Cluster computing

Thursday, January 6, 2022

This is a continuation of a series of articles on operational engineering aspects of Azure public cloud computing that included the most recent discussion on Azure DNS which is a full-fledged general availability service that provides similar Service Level Agreements as expected from others in the category. In this article, we discuss delegation.

Azure DNS allows hosting a DNS zone and managing the DNS records for a domain in Azure. The domain must be delegated to the Azure DNS from the parent domain so that the DNS queries for that domain can reach Azure DNS. Since Azure DNS isn't the domain registrar, delegation must be configured properly. A domain registrar is a company who can provide internet domain names. An internet domain is purchased for legal ownership. This domain registrar must delegate to the Azure DNS.
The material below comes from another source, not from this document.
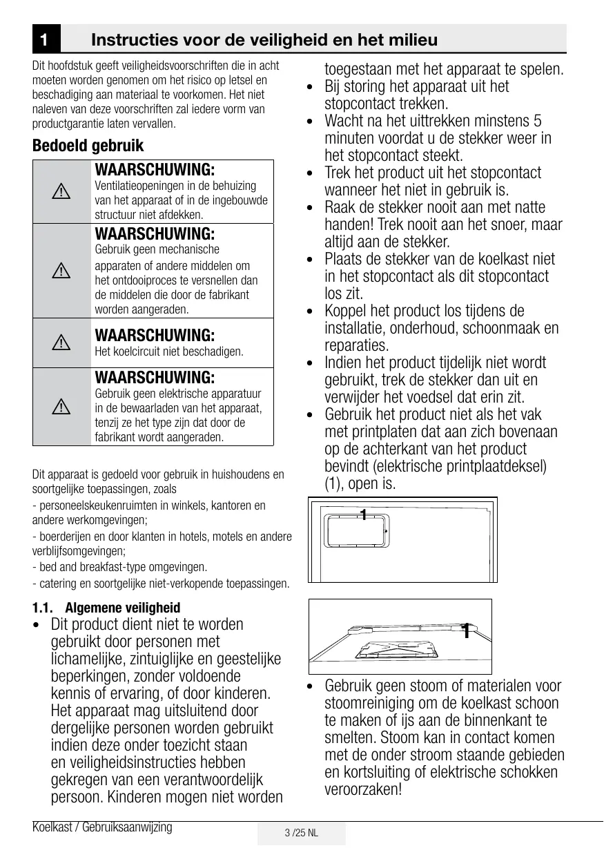 | ▲ | WAARSCHUWING: Gebruik geen mechanische apparaten of andere middelen om het ontdooiprocesse te versnellen dan de middelen die door de fabrikant worden aangeraden. |

The domain name system is a hierarchy of domains which starts from the root domain that starts with a ‘.’ followed by the top-level domains including ‘com’, ‘net’, ‘org’, etc. The second level domains are ‘org.uk’, ‘co.jp’ and so on. The domains in the DNS hierarchy are hosted using separate DNS zones. A DNS zone is used to host the DNS records for a particular domain.

There are two types of DNS Servers: 1) An authoritative DNS Server that hosts DNS zones and it answers the DNS queries for records in those zones only and 2) a recursive DNS server that doesn’t host DNS zones but queries the authoritative servers for answer. Azure DNS is an authoritative DNS service.
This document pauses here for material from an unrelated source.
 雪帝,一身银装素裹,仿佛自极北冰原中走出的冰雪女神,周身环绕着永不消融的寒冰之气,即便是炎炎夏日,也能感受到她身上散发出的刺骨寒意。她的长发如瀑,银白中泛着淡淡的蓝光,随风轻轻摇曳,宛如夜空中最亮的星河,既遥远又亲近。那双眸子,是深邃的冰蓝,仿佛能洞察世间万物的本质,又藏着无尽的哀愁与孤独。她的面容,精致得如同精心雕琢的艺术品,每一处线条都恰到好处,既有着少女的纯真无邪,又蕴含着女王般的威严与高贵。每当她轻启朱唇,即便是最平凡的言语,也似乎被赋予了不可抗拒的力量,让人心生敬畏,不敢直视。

DNS clients in PCs or mobile devices call a recursive DNS server for the DNS queries their application needs. When a recursive DNS server receives a query for a DNS record, it finds the nameserver for the named domain by starting at the root nameserver and then walks down the hierarchy by following CNAMEs. The DNS maintains a special type of name record called an NS record which lets the parent zone point to the nameservers for a child zone. Setting up the NS records for the child zone in a parent zone is called delegating the domain. Each delegation has two copies of the NS records: one in the parent zone pointing to the child, and another in the child zone itself. These records are called authoritative NS records and they sit at the apex of the child zone.
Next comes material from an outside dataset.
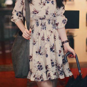 Long-Sleeved Floral Print Chiffon Dress Size Small in Light Tan

The DNS records help with name resolution of services and resources. It can manage DNS records for external services as well. It supports private DNS domains as well which allows us to use custom domain names with private virtual networks.

It supports record sets where we can use an alias record that is set to refer to an Azure resource. If the IP address of the underlying resource changes, the alias record set updates itself during DNS resolution.

The DNS protocol prevents the assignment of a CNAME records at the zone apex. This restriction presents a problem when there are load balanced applications behind a Traffic Manager whose profile requires the creation of a CNAME record. This can be mitigated with Alias records which can be created at the zone apex.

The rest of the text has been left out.